Reasoning About Counterfactuals
“What would have happened if X had been different?” is one of the most powerful questions in analysis — and one of the most easily abused.
A counterfactual is a claim about what would have happened in a situation that did not actually occur. “If we had invested in solar earlier, we would be ahead of the curve today.” “If the regulation had not passed, the industry would have collapsed.” These are counterfactual claims, and they appear constantly in causal reasoning, historical analysis, and policy evaluation.
Why we need them
Counterfactuals are essential to causal reasoning. To say that X caused Y is, at least implicitly, to say that without X, Y would not have happened. The counterfactual “without X, no Y” is doing the causal work. Without counterfactuals, we cannot distinguish causation from mere correlation.
This is why counterfactuals are unavoidable in policy analysis. To say that a policy worked is to say that without the policy, the outcome would have been worse. The counterfactual is the comparison point. There is no other way to know whether a policy was effective.
Where they go wrong
Counterfactuals are hard because they describe situations that didn’t happen. We can’t directly observe what would have happened in the counterfactual world. We have to reason our way to it, using what we know about how the world works.
Several errors are common.
The first is treating one counterfactual scenario as the obvious alternative. When we say “without this regulation, the industry would have collapsed,” we are implicitly fixing one alternative scenario (no regulation, otherwise everything the same). But the actual alternative might have been “no regulation but different industry self-policing,” or “different regulation, less aggressive,” or any number of other configurations. Treating the “everything else equal” counterfactual as the relevant comparison is often misleading.

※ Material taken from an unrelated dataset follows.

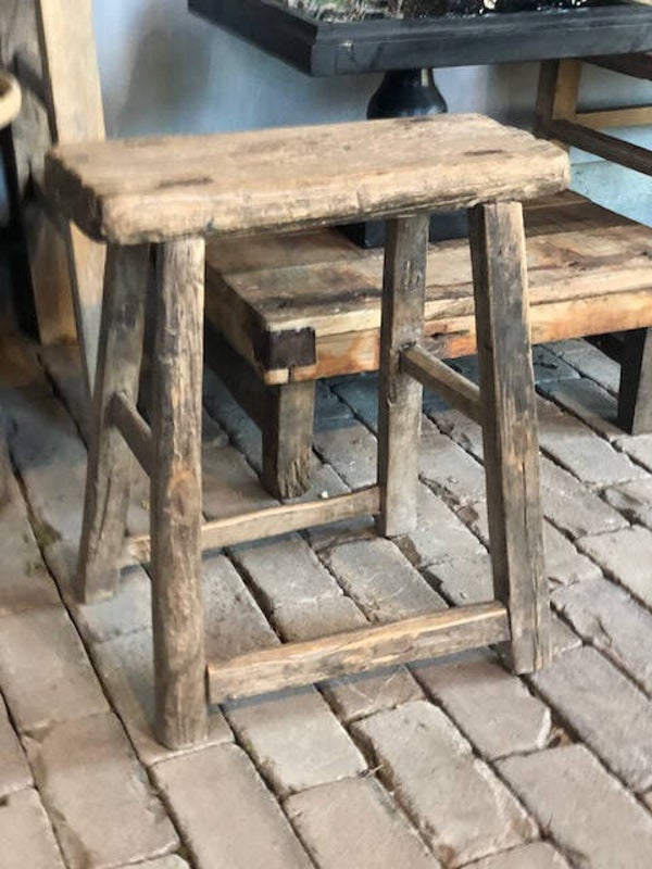 STOER sober oud houten zwaar robust melkkrukje, ieder krukje is uniek en daardoor verschillend, ook handig als klein bijzettafeltje.

The second is using counterfactuals to justify a conclusion already held. “If they had done what I recommended, things would have turned out fine.” This counterfactual is rarely tested. It is a comfortable assumption that supports the speaker’s preferred reading of events. The hard work would be to construct the counterfactual carefully and ask whether the recommended action would actually have produced the predicted outcome.
The third is forgetting that counterfactuals get less reliable the more they diverge from actual events. “If we had nudged this slightly differently, this small change would have followed” is usually reasonable. “If history had taken a different path two centuries ago, the world today would look like X” is much less reliable. Each step of divergence introduces uncertainty, and the uncertainty compounds.
How to reason about them well
A few practices help.
Specify the counterfactual precisely. “Without this policy” is too vague. “Without this policy but with the alternative policy that was actually under consideration” is more useful.
Identify what the counterfactual relies on. Most counterfactual claims rely on background assumptions about how the world works. Make those assumptions explicit. Are they well-supported?
Consider multiple counterfactuals. Don’t fix on one comparison scenario. Consider several. If different reasonable counterfactuals produce different conclusions about the effect being studied, your confidence in any single conclusion should be modest.
Distinguish between counterfactuals that are testable and ones that aren’t. Some counterfactual claims can be checked against similar real-world cases. Others cannot. The first kind deserves more confidence than the second.
An everyday application
Most regrets are counterfactual claims. “If I had taken that job, I would be happier now.” The counterfactual is doing the regretting. But the counterfactual is also speculative. Many factors would have been different in the alternative life; assuming the rest would have been the same and only the job different is rarely accurate.
Recognizing this does not eliminate regret, but it does soften it. The counterfactual is less reliable than it feels. The alternative life is not knowable from where we stand. We can speculate, but we should hold the speculation lightly.